**** INPUT DATA ****

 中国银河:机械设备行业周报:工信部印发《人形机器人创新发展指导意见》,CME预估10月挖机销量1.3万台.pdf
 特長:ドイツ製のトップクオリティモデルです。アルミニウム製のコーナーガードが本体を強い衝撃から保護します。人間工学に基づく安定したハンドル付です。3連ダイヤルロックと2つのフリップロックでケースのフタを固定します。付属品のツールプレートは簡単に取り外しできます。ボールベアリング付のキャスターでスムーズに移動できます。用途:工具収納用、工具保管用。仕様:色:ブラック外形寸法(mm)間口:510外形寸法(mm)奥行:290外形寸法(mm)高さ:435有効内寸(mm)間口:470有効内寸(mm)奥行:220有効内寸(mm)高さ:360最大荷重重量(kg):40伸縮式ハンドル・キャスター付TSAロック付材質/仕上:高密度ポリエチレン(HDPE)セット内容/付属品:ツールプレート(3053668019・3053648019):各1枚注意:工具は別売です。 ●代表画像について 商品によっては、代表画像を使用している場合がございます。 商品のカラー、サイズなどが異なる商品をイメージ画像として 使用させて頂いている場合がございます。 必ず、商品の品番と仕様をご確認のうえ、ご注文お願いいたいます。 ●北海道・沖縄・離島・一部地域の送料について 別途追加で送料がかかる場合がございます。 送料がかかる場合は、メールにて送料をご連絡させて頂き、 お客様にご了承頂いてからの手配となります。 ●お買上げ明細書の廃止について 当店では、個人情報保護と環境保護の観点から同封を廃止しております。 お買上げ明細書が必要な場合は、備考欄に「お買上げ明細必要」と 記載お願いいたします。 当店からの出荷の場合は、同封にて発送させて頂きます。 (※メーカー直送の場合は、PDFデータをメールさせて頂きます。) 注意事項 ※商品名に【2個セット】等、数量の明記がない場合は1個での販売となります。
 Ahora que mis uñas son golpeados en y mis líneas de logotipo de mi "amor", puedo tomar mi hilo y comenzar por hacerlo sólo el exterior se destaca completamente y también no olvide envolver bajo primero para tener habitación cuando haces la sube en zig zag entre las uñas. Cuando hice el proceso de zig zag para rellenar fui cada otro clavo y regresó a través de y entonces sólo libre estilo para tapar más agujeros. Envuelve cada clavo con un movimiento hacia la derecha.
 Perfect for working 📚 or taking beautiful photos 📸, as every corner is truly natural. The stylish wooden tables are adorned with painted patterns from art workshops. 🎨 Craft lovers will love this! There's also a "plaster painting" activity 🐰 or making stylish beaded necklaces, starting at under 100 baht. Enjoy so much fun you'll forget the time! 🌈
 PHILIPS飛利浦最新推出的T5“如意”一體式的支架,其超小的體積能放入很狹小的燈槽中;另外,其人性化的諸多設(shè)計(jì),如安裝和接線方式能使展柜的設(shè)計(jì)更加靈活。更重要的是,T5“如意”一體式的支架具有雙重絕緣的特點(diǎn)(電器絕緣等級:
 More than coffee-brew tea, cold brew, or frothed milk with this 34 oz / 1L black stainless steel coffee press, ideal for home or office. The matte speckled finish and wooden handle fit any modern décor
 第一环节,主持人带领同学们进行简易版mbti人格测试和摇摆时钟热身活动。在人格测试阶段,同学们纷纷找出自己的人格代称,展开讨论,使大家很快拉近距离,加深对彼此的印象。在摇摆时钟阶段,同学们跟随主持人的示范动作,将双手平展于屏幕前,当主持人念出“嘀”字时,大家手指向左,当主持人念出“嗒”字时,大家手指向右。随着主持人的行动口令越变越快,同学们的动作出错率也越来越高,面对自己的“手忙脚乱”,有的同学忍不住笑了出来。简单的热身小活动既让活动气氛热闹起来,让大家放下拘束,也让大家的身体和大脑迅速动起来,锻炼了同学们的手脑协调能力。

****

- ASSIGNMENT -
Which lines of the records above hold the word "this"? Copy each of them.

- RESULT -
 Perfect for working 📚 or taking beautiful photos 📸, as every corner is truly natural. The stylish wooden tables are adorned with painted patterns from art workshops. 🎨 Craft lovers will love this! There's also a "plaster painting" activity 🐰 or making stylish beaded necklaces, starting at under 100 baht. Enjoy so much fun you'll forget the time! 🌈
 More than coffee-brew tea, cold brew, or frothed milk with this 34 oz / 1L black stainless steel coffee press, ideal for home or office. The matte speckled finish and wooden handle fit any modern décor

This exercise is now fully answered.